Was it ever exciting? I think so, for a while, but the frenzy of a relationship’s early days is unsustainable; it has to burn out, become something else. It’s not his fault, or mine. It happens to everyone.
Maybe it happened sooner, with us. Hugh is the son of my father’s best friend; he’s known me since I was at school. Though he was older than me, we always got on, and as his father tried to look after mine, Hugh looked after me, and helped me to look after Kate. Our passion, when it eventually came, was muted. It was already accompanied by a history. Sometimes I think it’s as if we missed out a stage, as if we went from being friends straight to being companions.
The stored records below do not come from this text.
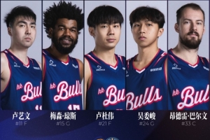 香港金牛队今日首发阵容: 卢艺文 琼斯 卢杜伟 吴委峻 巴尔文
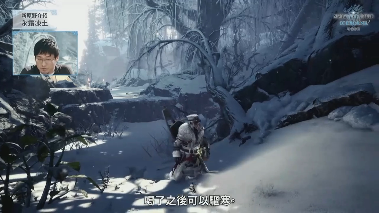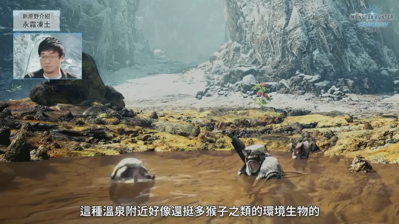 这一次的新区域是许多玩家强烈要求的寒地区域,名为「永霜冻土」。在画面表现上,这个区域较之以往有所加强,猎人在雪地中移动时的轨迹也做了出来,在一些细节方面开发团队很花心思。和《怪物猎人》以往的习惯一样,在寒冷地区时猎人的体力会有受到影响,喝热饮或者泡温泉的话都能驱寒。
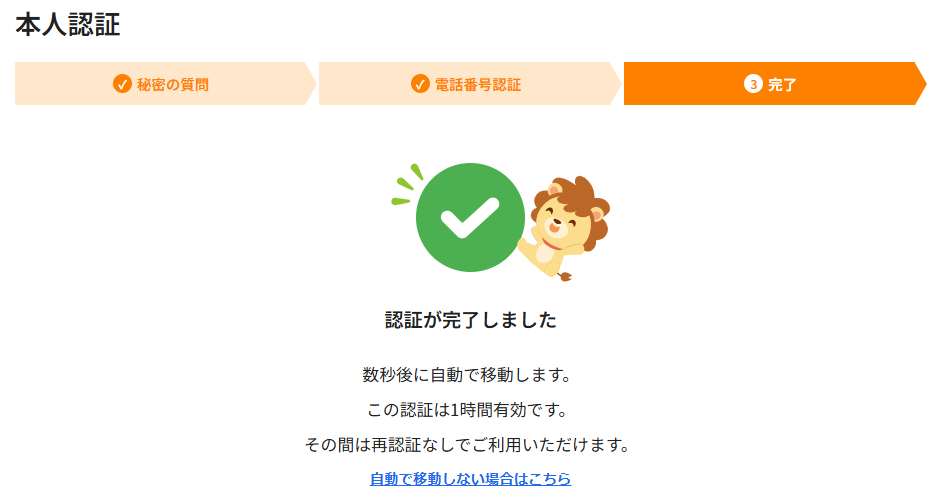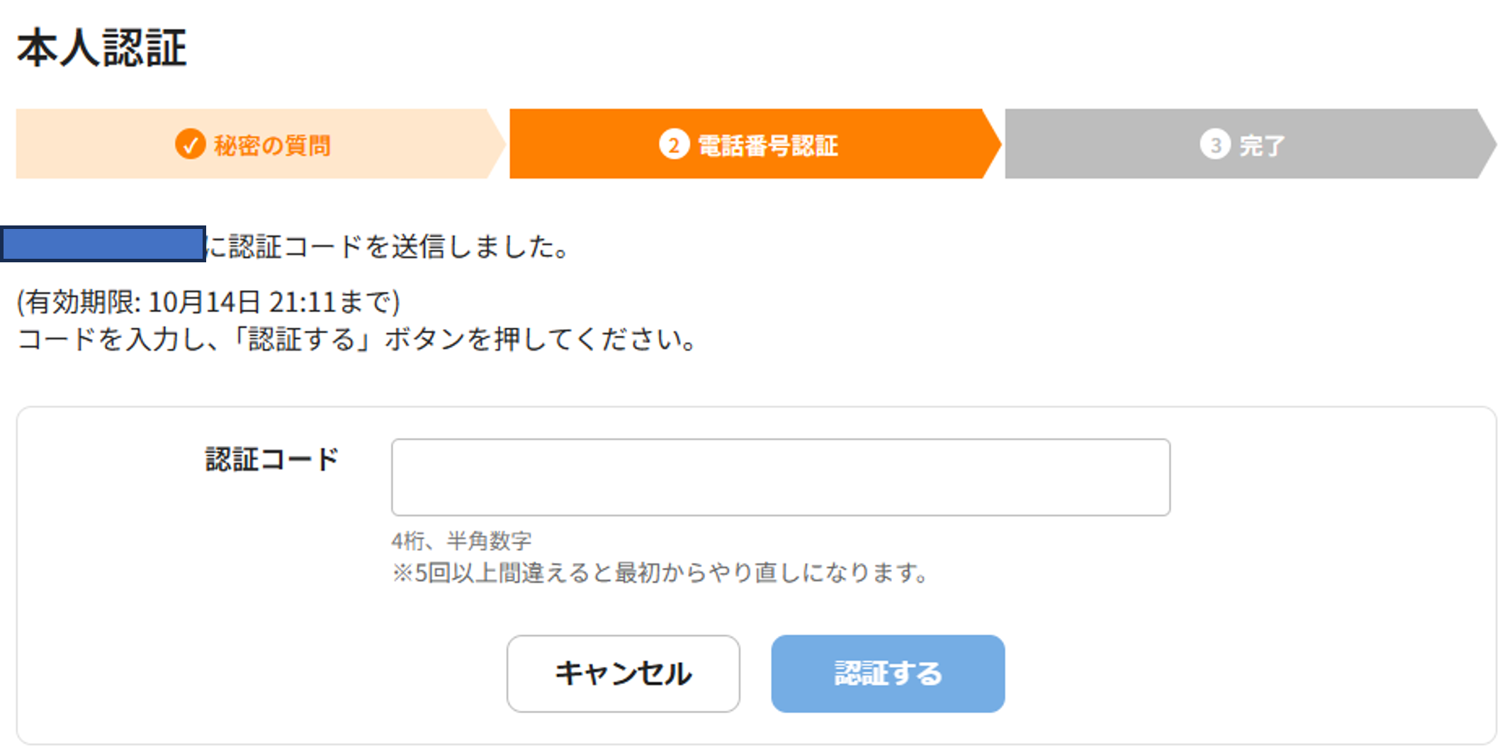 登録済みの「電話番号」を入力すると、下図の通り「認証コード」が携帯電話に届きますので、入力します。
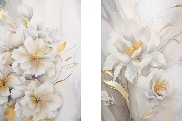 Poster Fiori bianchi con dettagli gialli, petali con sfumature delicate, sfondo chiaro con sottile effetto marmorizzato Nr d00889

I hear Hugh come back home. He goes into the living room. I stand up. I have to go downstairs, to talk to him, to sort things out. If I don’t he’ll sleep on the couch in his office and I’ll spend another night lying in bed, alone, trying to sleep while my brain fizzes with images, with thoughts that won’t subside. I’ll turn the events of the evening over and over, and always at the centre will be Kate. Walking down the alleyway, looking up to see a figure in the shadows in front of her, smiling a greeting but then, as she steps forward, he raises his hand and her smile turns to terror as she realizes that things have gone wrong, this time she’s made a mistake. The man she’s come to meet isn’t who she thought he was.
I know that if I were to close my eyes I’d see it, as clearly as if it were happening in front of me. A fist in the face, a booted foot. Why didn’t I know, somehow? That psychic connection I always thought we had; why did it let us down, when it really mattered? Was it severed when we took Connor? I’d see her blood, spilled on to the concrete. I’d see her nose, broken. I’d hear her cry out. I’d wonder if she knew, if she sensed this was it. I’d wonder how much pain there was. I’d wonder if she thought about me, and if so whether it was with love. I’d wonder if, at the end, she forgave me.